Nalu "Huh? Ne olmuş ki?"
"Sanırım kavga etmiş. Yani yüzünde yara bandı vardı."
Nalu "Onu mu diyordun?... Hey, sen onu bırakta sana bir şey dedi mi?"
"Eh? Ne gibi?"
Nalu "Hadi ama neden bahsettiğimi biliyorsun!"
"Aslında...evet. Rai'nin hasta olduğunu onunla ilgilenmem gerektiğini söyledi. Bugün."
Nalu "Ne yani evlerine mi gideceksin?"
Yere bakarak başımı yukarı aşağı salladım.
Nalu "Evi neredeymiş ki bilmiyorsun."
"Bizim eve gelmeden iki sokak aşağıda sarı bina."
Na-chan bir şey diyecek olsa da susmuştu.

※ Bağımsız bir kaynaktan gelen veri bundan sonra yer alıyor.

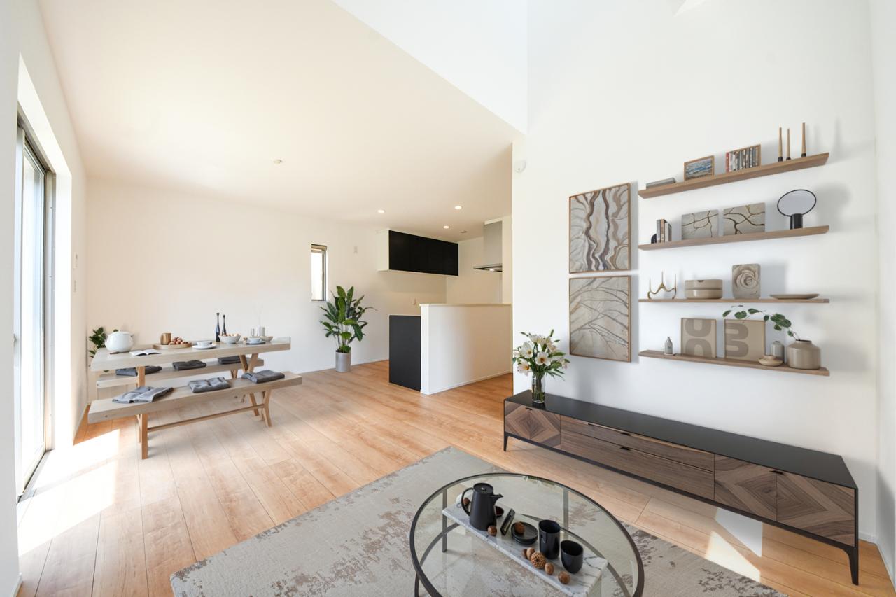 吹抜を採用した光に溢れる開放的なリビング。お子様の帰宅が分かるリビングイン階段を採用し、「ただいま」や「おかえり」の笑顔が自然と生まれる間取りです(家具はCGによるイメージです)

Çünkü hoca girmişti.
••••
"Nihayet bitti!"
Arata "Sen şimdi cafeye mi gideceksin?"
"Evet. Sanırım siz de gezeceksiniz."
Arata "Aslına bak-"
Na-chan Arata'nın sözünü keserek devam etti.
"Evet."
"Neyse gitmeliyim. İlk günden geç kalmak istemiyorum."
Çantamı tek omzuma takıp ilerlemeye başladım ve kısa sürede cafeye varmıştım. Hemen arka tarafa geçip üzerimi değiştirdim.
Patron "Hadi bakalım. İlk olarak garsonluk yapacak ve gelenlere hoşgeldin diyeceksin."
"Peki efendim."
O sırada kapının üzerindeki küçük zil çaldı. Hemen kapıya yöneldim.
"Hoşgeldiniz efendim."
Kadın küçük kızının elinden tutarak
"Sağolun."
Onlara boş olan masalrdan birisini gösterdim. Ve Elie'nin yanına yöneldim.
Elie "Bu ilk müşterin. Küçük kızlada konuş ve az sonra siparişler için yanlarına git."
"Peki , sağol Elie."
Bir süre bekledim ve tekrar yanlarına gittim. Elimde sipariş defteri ve kalemle
"Size ne getirmemi istersiniz?"
Kadın biraz düşünerek
"Bir dilim meyveli pasta ve yanına çay olsun."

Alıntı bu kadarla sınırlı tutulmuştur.